Para o Bolívar, a parceria teve como fruto, por exemplo, o assessoramento do City Group na construção e equipagem do recém inaugurado CT numa área de 7,8 hectares no sul de La Paz. Ao todo, foram gastos US$ 8 milhões. O projeto é semelhante ao do CT do Manchester City. O estádio para 20 mil pessoas, cujas obras se iniciaram no dia 1º, tem projeto desenhado pela L35, a mesma empresa que toca a modernização do Santiago Bernabéu. A inauguração está prevista para abril de 2025, e o custo será de US$ 45 milhões.

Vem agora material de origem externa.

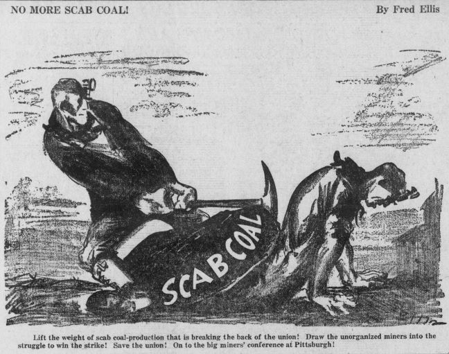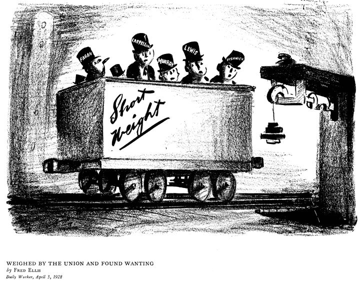 Two years ago the left wing, perceiving the increasingly dangerous position of the miners’ organization, raised the slogan of “Save the Union.” Forming a united front with the progressives on the basis of a minimum program including the Organization of the Unorganized, the Formation of a Labor Party, a National Agreement, 6 Hour Day and 5 Day Week for all Coal Miners, Nationalizing of the Mines, etc., the left wing embarked upon an intensive struggle against Lewis. This struggle first took the forms of an election campaign with the progressives putting up a ticket against the Lewis machine, a campaign for delegates to the national convention and for the organization of the unorganized miners in preparation for the approaching bituminous strike.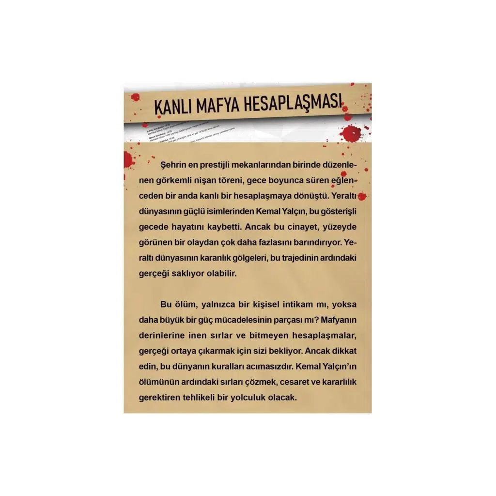 Her ayrıntıyı sorgulayacağınız, ipuçlarını takip edeceğiniz ve suçluyu ortaya çıkaracağınız bir deneyime hazır mısınız? Dedektif Cinayet Çözme Oyunu ile sıradan bir akşamı unutulmaz bir maceraya dönüştürün!

O CT da base erguido em Santa Cruz de la Sierra é a quinta academia do City no mundo. O projeto foi todo desenvolvido em Manchester. A escolha por colocá-lo ao nível do mar tem uma explicação fisiológica: a estatura média é maior em relação a de quem nasce na altitude. Claure estabeleceu uma rede de olheiros que cobre toda a Bolívia. O plano dele é abastecer a seleção de jogadores e, com essa visibilidade, vendê-los no Exterior. Primeiro, eles serão levados a Santa Cruz de la Sierra, onde contarão com toda a estrutura, além de aulas de inglês e trabalho de neurociências.

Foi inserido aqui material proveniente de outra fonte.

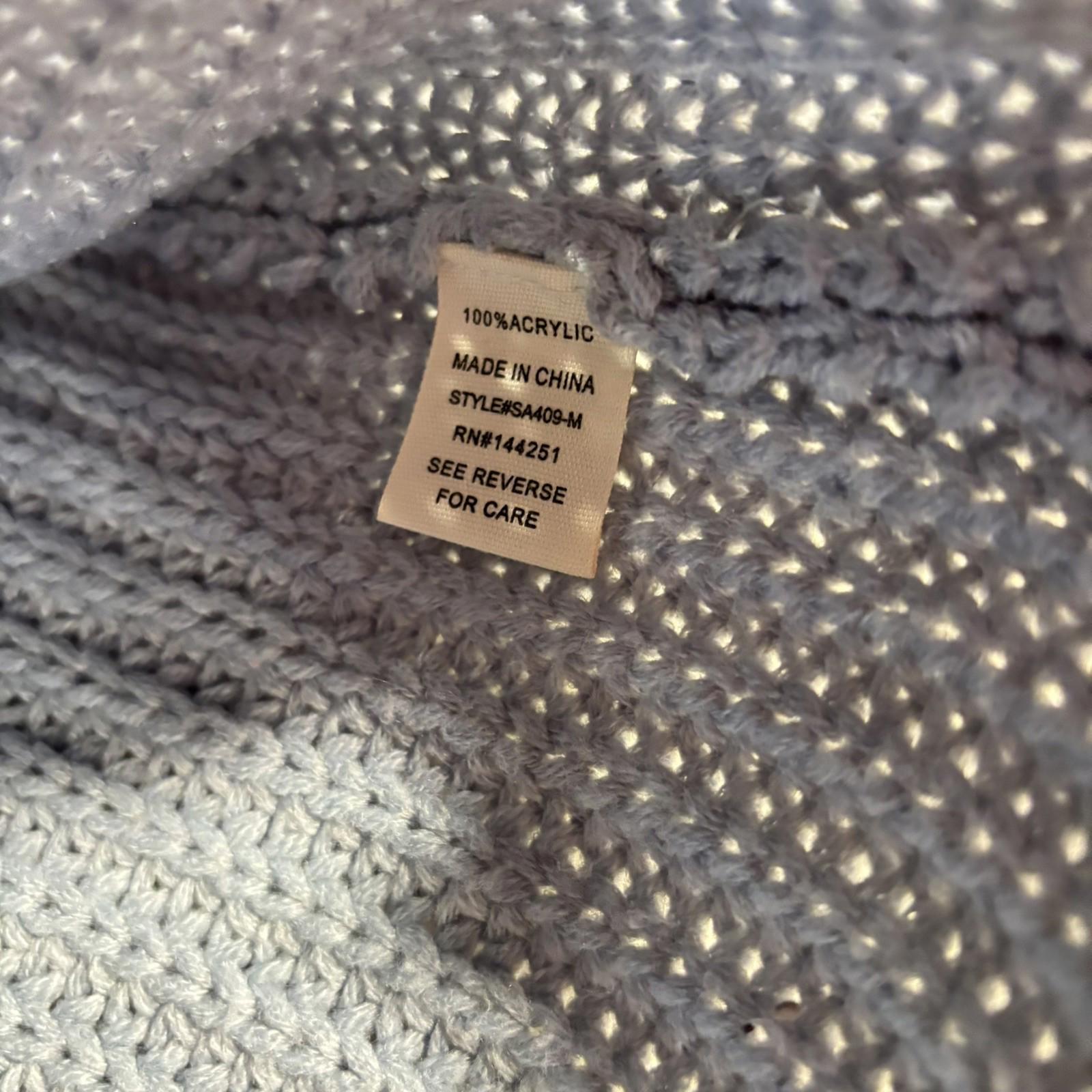 Moon & Madison Blue Puff Balloon Dot Sleeve Cropped Sweater Cozy Medium. Measurements are in the photos. Thank you.

A venda de atletas é o caminho para alcançar outra meta estabelecida no Plan Centenário, de triplicar a receita anual, saltando-a de US$ 6 milhões para US$ 18 milhões anuais. São números tímidos perto do que se vê aqui no Brasil. O Inter, por exemplo, tem faturamento de R$ 491 milhões para 2023. Na conversão, pouco mais de US$ 100 milhões. Ou seja, cinco vezes mais do que a meta ousada do Bolivar. Porém, é bom ficar atento. Esse mesmo Bolivar, até alguns anos, era figurante na Libertadores. Com projeto e gestão profissional, mostrou que também pode viver longe da montanha.